Several people do not like change. Several people don’t do well with change, even if it’s gradual or they know it’s coming. I don’t know if I’m one of those people or not. I posted a while back about adapting and how I loathed it entirely. But adapting and change are two different things. Change is something that happens that you may have little to no control over, therefore, it would require adapting. If you don’t adapt to change, if you refuse to acknowledge that it’s happening and stand right where you are, proudly snubbing the thing that is forcing you to bend in another direction…you’re not going to get very far. You may prove your point but rarely will your point actually do you any favors.
I’ve seen people stick to their guns. I’ve stuck to them myself but in the end…change always wins. You may have a victory but it will be short lived and you will face a time in your life that will not accommodate your willfulness. It may sound harsh, but it is the truth. Example…smart phones. You refuse to get one. You know your little flip phone with its “press this button so many times to get the right letter in the series of words you want to text” has never done you wrong and is a perfectly acceptable choice since all you really want to use it for is making phone calls.
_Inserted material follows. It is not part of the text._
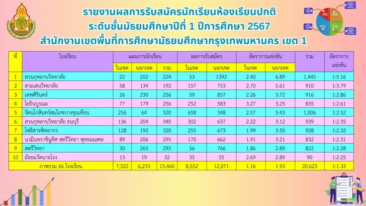 เปิด 10 อันดับโรงเรียนยอดนิยม กทม.ที่มีผู้สมัครเข้า ม.1 และ ม.4 มากที่สุด ปีการศึกษา 2567 “สวนกุหลาบ-หอวัง-โพธิสาร” อัตราการแข่งขันสูงสุด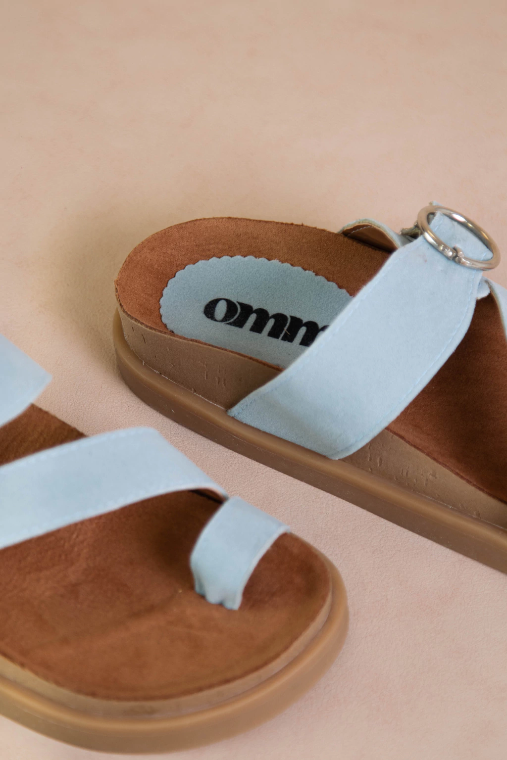 Suecos Grecia. Hechas en ecocuero. Tiene 2 tiras de gamuza que cruzan el empeine con hebilla regulable y una tira qué rodea el dedo gordo del pie. Base de goma antideslizante y taco bajo de 3 cm.

You don’t need one of those new fancy contraptions with all the aps and bells and whistles. You make your stand. Your phone doesn’t cost you an arm and a leg to have. And you’re damn proud of this.
Until the day they stop offering support for those phones, or have the capability to fix them. Technology has come far while you’ve been standing still, proudly declaring your devotion to your simple device. It has changed and your device has now become obsolete. And the chances of getting a device like your trusty flip phone that’s in good working condition? They’re not good.
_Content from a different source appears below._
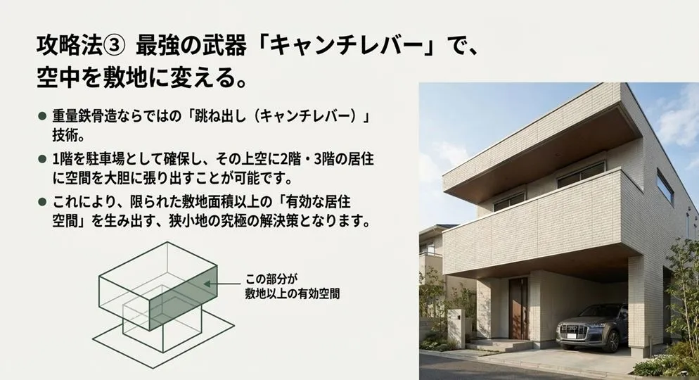 1階の駐車場の上部に、2階・3階部分が大胆にせり出した(跳ね出した)ヘーベルハウスの外観写真と構造概念図。重量鉄骨造の強みを活かし、敷地以上の有効な居住空間を創出する様子を描いている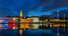 人類文明河,這里將世界上七處著名的景觀以微縮的方式匯集在河中,用長流不息的河水寓意人類文明的源遠流長。最近的一處景觀是法國四大洲噴泉,噴泉通過頂部歐、亞、非、美四位女性雕像和底部的駿馬、海豚表現(xiàn)了四大洲人民的團結向上和友誼,具有強烈的和平主義精神和時代感。從這里向遠處看,成白色貝殼狀的是澳大利亞悉尼歌劇院。緊挨著的是建在新加坡安德遜橋畔的魚尾獅,在魚尾獅旁邊的是美國自由女神像。在人類文明河的上游是埃及金子塔和其守護之神司芬克斯獅身人面像。河內(nèi)還有秘魯復活節(jié)島巨人頭像,面北朝南。

That was a really deep way to start off a post that’s just about my life in general and the changes we’ve been facing. They’ve been difficult, but not as difficult as they would have been several years ago when we were contemplating the same thing.
With money so tight that there is literally no end in sight to the debt we’re facing, we made the decision to rent out our house and move out to the trailer house my husband grew up in. It’s an old one, that’s for sure. It took some work to get everything to the point that it was livable. Floors had to be replaced, carpet had to be pulled up and replaced, water fixtures had to be replaced….there was a lot of replacing. And then the packing…dear GOD the packing. I hate moving, even if we did have the luxury of doing it over the course of a month and a half, it’s still a complete pain.
It was difficult – uprooting our family, knowing we’d gotten to the point that we could no longer survive in the house we had with insurance going up, jobs being changed, and having to make a house payment that would clear out my paycheck the second it hit the bank. And several years ago I resisted the mere idea of doing this. I’m not sure what changed. Maybe I did. Maybe life wore me down enough to realize that things needed to change and I needed to stop refusing those changes.
We gained 300 square feet with this new house, a dining room which we have not had since the second apartment we lived in together. We gained acreage! This gives me the ability to refer to our new home as a farmstead, not a trailer house. Sneaky, right?
We gained the ability to have livestock, to start a garden, to enjoy our new neighbors who we knew prior to moving out. And it made my husband’s parents very happy as we’re living next to them now. Dustin is able to help with the chores; the girls can run over there any time they want to visit. What grandparent wouldn’t like that?
We were also able to host our first holiday which I feel went over really well. Both sides of the family came over, we had ham with all the fixings, including raisin sauce and we all were able to watch the girls tear into their Christmas haul with bright-eyed abandon. I couldn’t have asked for a better time.
The change was not easy. It’s still happening. And even though I made my stand against it years ago…yeah, look at that…change happened and I had to adapt. Change won. But if you really look at it…if you take a look at all of those upsides – no more house payments, room for my girls to run and play, grandparents right next door, and some pretty amazing neighbors that drop in to visit from time to time and the ability to have the room to have company over, fires outside when the weathers nice, chickens for eggs, a garden to work on with my children, open access to sledding hills…it kind of looks like I won too. Besides…who wouldn’t love this view?